About eighteen months ago, Youngest was taken over by anxiety and confusion in addition to his fairly traumatic co-existence with the medical profession and some learning difficulties. This complex combination of factors led to something which is far more common and prevalent in the SEND world, but has to date been a source of deep shame and isolation for families like mine: SEND (special education needs and disabilities) VCB (violent and challenging behaviour.
When our children are overwhelmed or overcome by the world around them, their levels of anxiety rise to incomprehensible levels. At this point, their brain is programmed to do only one thing: run or fight. All the blood supply is redirected to the large muscles of the legs and arms, and two things shut down completely: the pre-frontal cortex, which allows you to think and communicate; and the digestion. Many people in this high state of anxiety will vomit precisely because of this shut down. More commonly, children who already have difficulties processing their surroundings got into “fight” mode. And they become violent, most often with those they love the most.
I suppose unsurprisingly, there is enormous judgement about this behaviour if spotted in public. However, it most frequently occurs behind closed doors, and parents are left desperate and convinced they are doing something wrong. Worse, if and when they talk about the situation, professionals point to their parenting skills, and add blame to the shame that both parent and child already feel about this.
I have experienced SEND VCB with all three of my children at one time or another. I can without exception point to a period of intense and overwhelming remorse for their actions once the storm had passed. And then the remorse and shame they felt caused such self-hatred that they would turn that violence inwards. I have to ask those professionals that may have advised me in the past, and those that advise families today: how does adding blame and guilt benefit anyone in this situation?
Slowly, there is a growing movement to raise awareness about this, especially within the NHS, thanks to my wonderful friend, Yvonne Newbold.
My experience has led me to change my parenting style quite dramatically, and many would disagree. I suppose the only thing I can point to is the calm and quiet in my house, the happy dynamics between three very different siblings, and the increasing empathy and willingness they have to help out.
- We do not limit screen time. At all.
- We do not impose any consequences or punishments for “bad behaviour”. And actually, since doing that, I can honestly say that they have NEVER behaved badly. We have had periods of deep anxiety and distress, but they do not lie, they are not rude, they do not cheat, they help out.
- We do not reward good behaviour either.
- We talk. A lot.
And we consider the children equal in value to the adults. Which means some difficult conversations at times… why should Mum and Dad watch TV in the sitting room at night rather than a child play on the PS4 (at the moment, because I say so… but there is scope and maybe need for more change and compromise).
For Youngest, we needed something additional, something that simply won’t be possible for many families. We needed a dog.

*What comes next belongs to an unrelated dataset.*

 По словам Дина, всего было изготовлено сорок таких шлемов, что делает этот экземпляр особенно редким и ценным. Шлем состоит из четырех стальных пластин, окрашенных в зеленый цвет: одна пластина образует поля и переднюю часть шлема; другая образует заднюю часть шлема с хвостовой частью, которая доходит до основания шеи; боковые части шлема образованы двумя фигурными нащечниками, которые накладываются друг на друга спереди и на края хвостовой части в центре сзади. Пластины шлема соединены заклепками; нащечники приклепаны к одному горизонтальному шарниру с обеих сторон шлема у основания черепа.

This was a huge decision for me. I am not a “dog” person, and I was well aware that all the work would be done by me. I thought about it for a long time, knowing absolutely that it would be hugely beneficial for him, but really concerned at the impact on me and the rest of the family. Girl loved the idea, Eldest hated it. Husband was not keen on the change and additional work.
I had looked into assistance dogs, but this clearly was impossible for all sorts of reasons. So I reasoned that if we got a puppy, we could train him or her to manage Youngest’s needs.

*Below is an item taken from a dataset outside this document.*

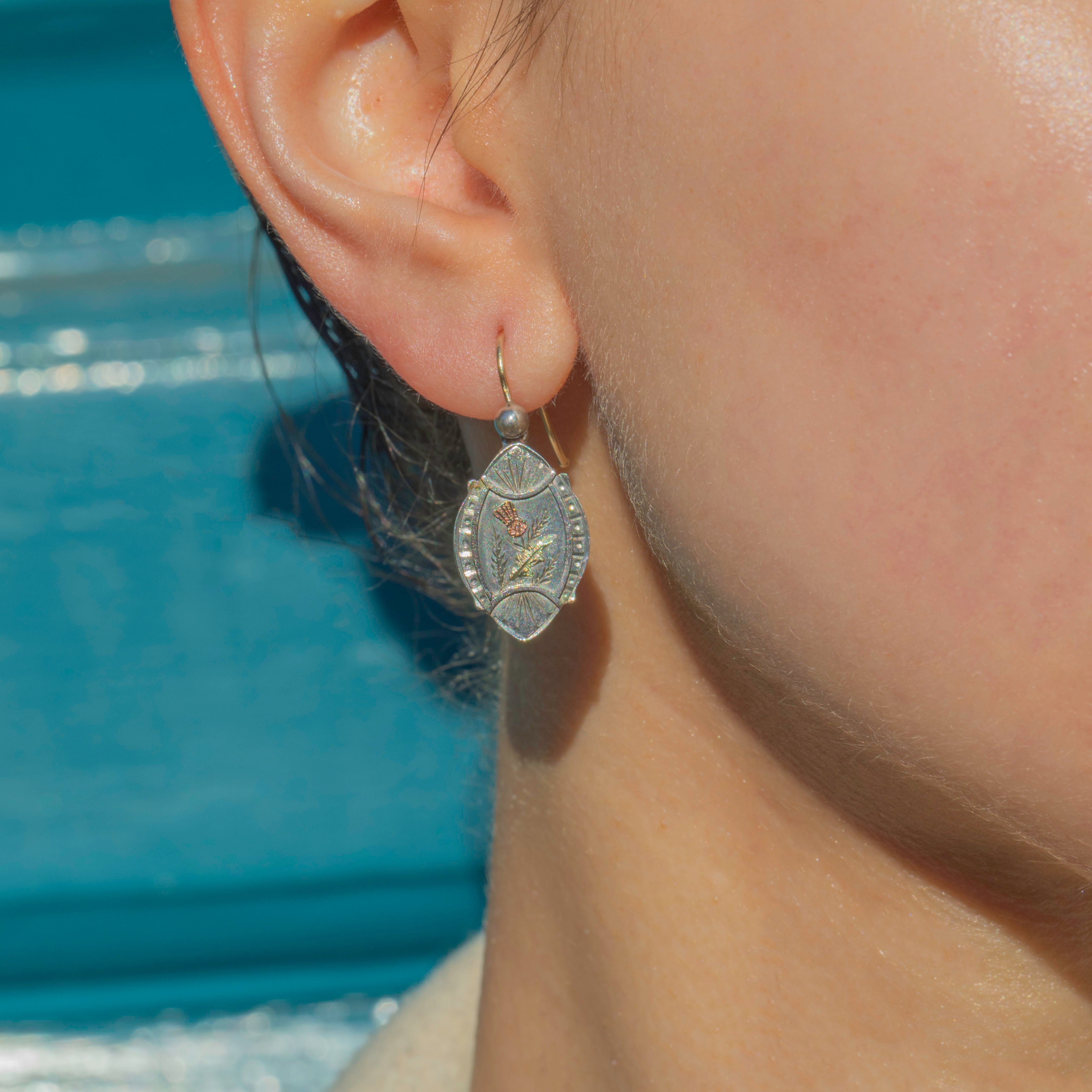 VERY GOOD: These Victorian Aesthetic Silver & 9ct Gold floral navette earrings are in very good condition. The Silver is bright and has accrued an admirable patina within the details making them pop. The engravings are defined and the rose Gold thistles are pristine. There is some general age-related wear throughout, including evidence of a conversion on the back. However, this is all minor and does not detract from their overall beauty. The hooks are slender and comfortable to wear, so you can enjoy these Victorian Aesthetic earrings with confidence!

Serendipity stepped in, and we found ourselves meeting an amazing family who were expecting their first litter of labradors. Shadow was born on the 2nd of January, 2017, and we met him only days later. Then weekly until he was able to come home. Youngest was speechless with joy, which is no mean feat given his seemingly endless capacity for chitter chatter.
Puppy training has been hard work, and I am incredibly happy to see him grow up and settle down. I do find the relentlessness of dog walking and dog company tiring, but I also know that those walks have done me a lot of good, and it turns out that I can be (sort of) a dog person.
Because Shadow has changed our lives. Since coming home in March 2017, Shadow has been Youngest’s best friend. And Youngest has experienced only two meltdowns in all that time. Shadow comforts him when he is sad, provides a comfortable cushion when he is ill or exhausted, and his mere presence seems to be enough to avoid those levels of anxiety that trigger VCB.
If you are affected by SEND VCB.. as a parent, family member, sibling, professional, go and look around Yvonne’s site. There is crucially important information there that will change the way you work and live with our young people.